The Fusion gateway proxies every GraphQL operation to one or more subgraphs over HTTP. The defaults work well out of the box, but high-throughput or latency-sensitive deployments can benefit from tuning the transport layer.

This page covers:

  • Configuring the HTTP transport
  • Enabling HTTP/2 for multiplexed subgraph communication
  • Deduplicating identical in-flight requests
  • Limiting concurrent request processing to maximize throughput

Configure the HTTP Transport

Fusion uses a named HttpClient to communicate with subgraphs. The default client name is "fusion", and you configure it through the standard IHttpClientFactory pattern. This gives you full control over connection behavior, timeouts, and message handlers.

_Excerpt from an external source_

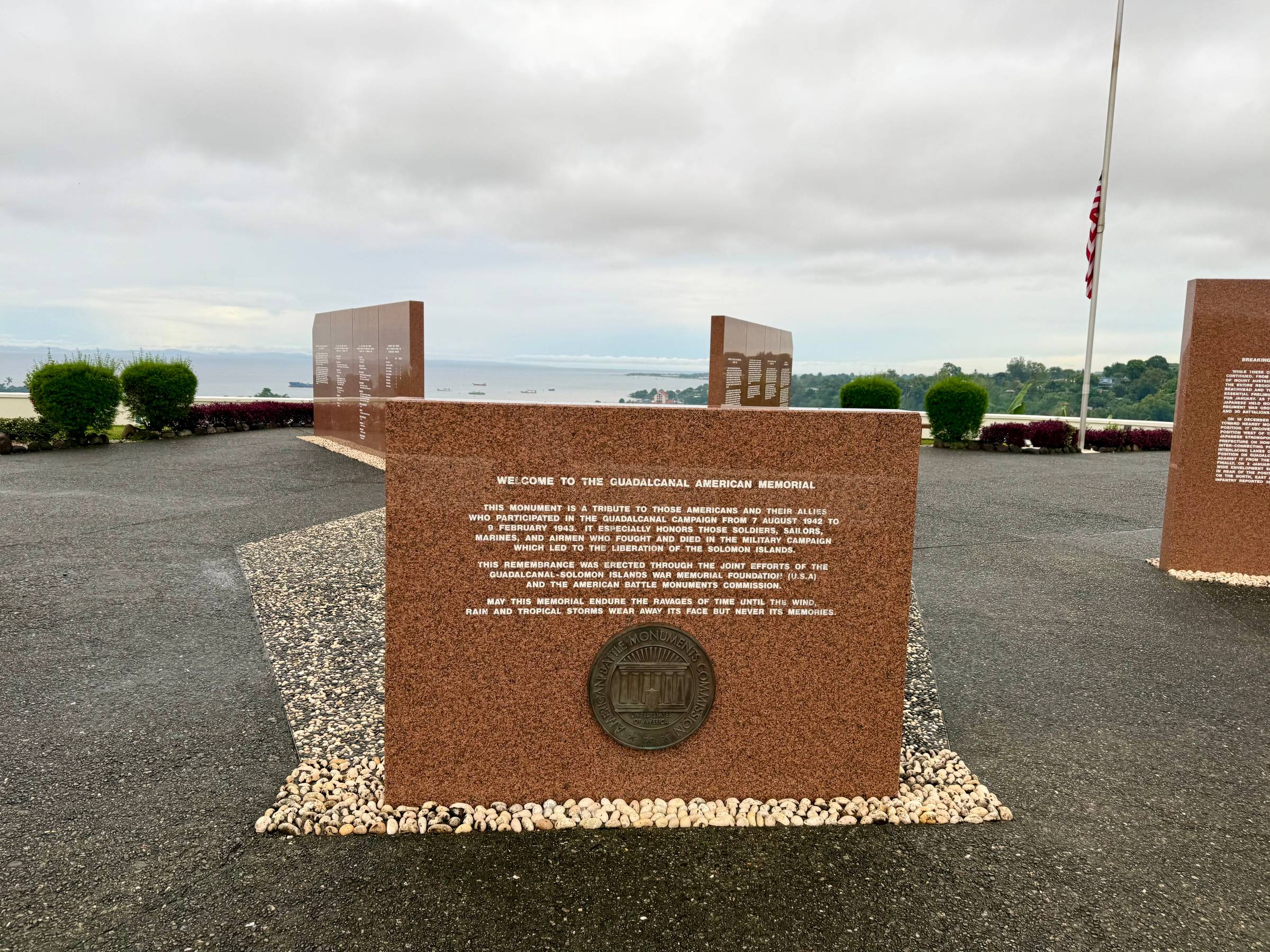 Our tour ended with a stop at the US Guadalcanal Memorial. A series of giant pink granite monoliths set at the top of a bluff overlooking Honiara Harbor, Iron Bottom Sound, and Savo Island. Each of the monoliths was inscribed with descriptions of the naval and marine battles that took place from August through November of 1942. One set of monoliths tallied the lost and damaged ships and the number of combatants killed in action in the campaign.
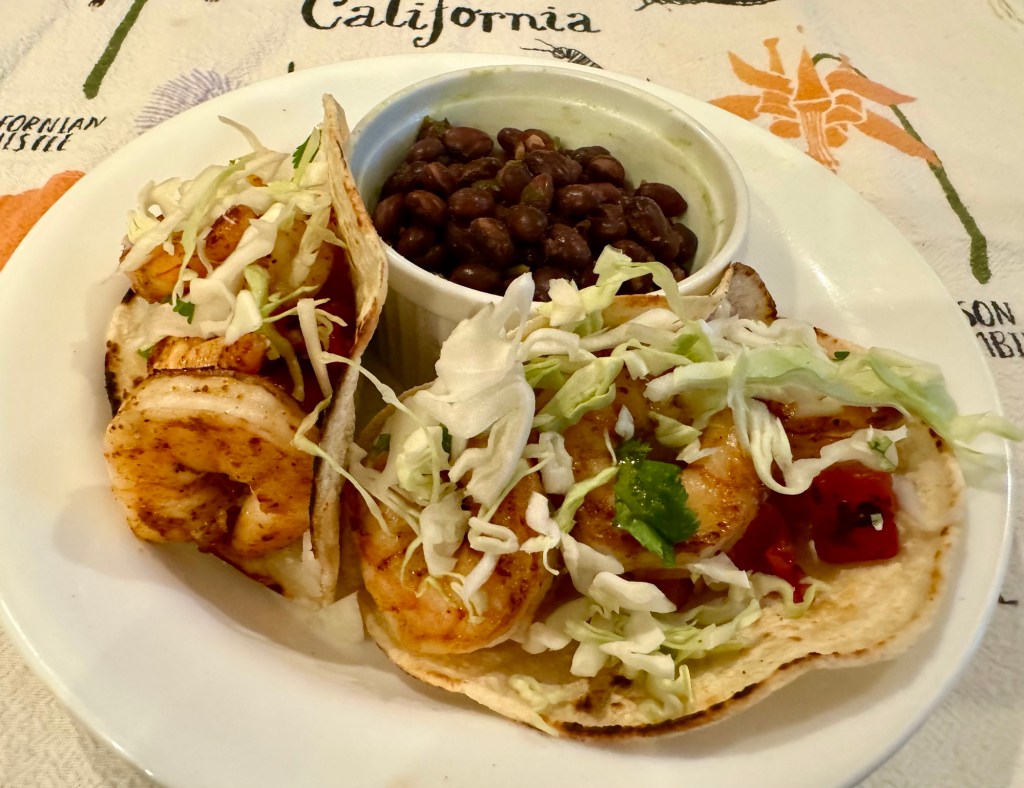 John as usual cooked the shrimp perfectly while simultaneously charring the corn tortillas over an open flame. I made the mango salsa with the spicy tomato part of a can of Rotel and a ripe mango. The spicy black beans were cooked in the juice from the can of Rotel and further spiced up with cumin and chipotle powder.

A baseline Program.cs that registers the named client:

C#
var builder = WebApplication.CreateBuilder(args);
// 1. Register the named HTTP client for subgraph communication
builder.Services.AddHttpClient("fusion");
// 2. Configure the Fusion gateway
builder
.AddGraphQLGateway()
.AddFileSystemConfiguration("./gateway.far");
var app = builder.Build();
app.MapGraphQLHttp();
app.Run();
  1. Named HTTP client "fusion": the client the gateway uses to call subgraphs. Any handler configuration you add here applies to all subgraph requests.
  2. Gateway registration: wires up the Fusion execution engine and loads the composed schema.

HTTP/2

HTTP/2 multiplexes multiple requests over a single TCP connection, which reduces connection overhead when the gateway sends many concurrent requests to a subgraph. This is especially beneficial when subgraphs are behind a load balancer that supports HTTP/2.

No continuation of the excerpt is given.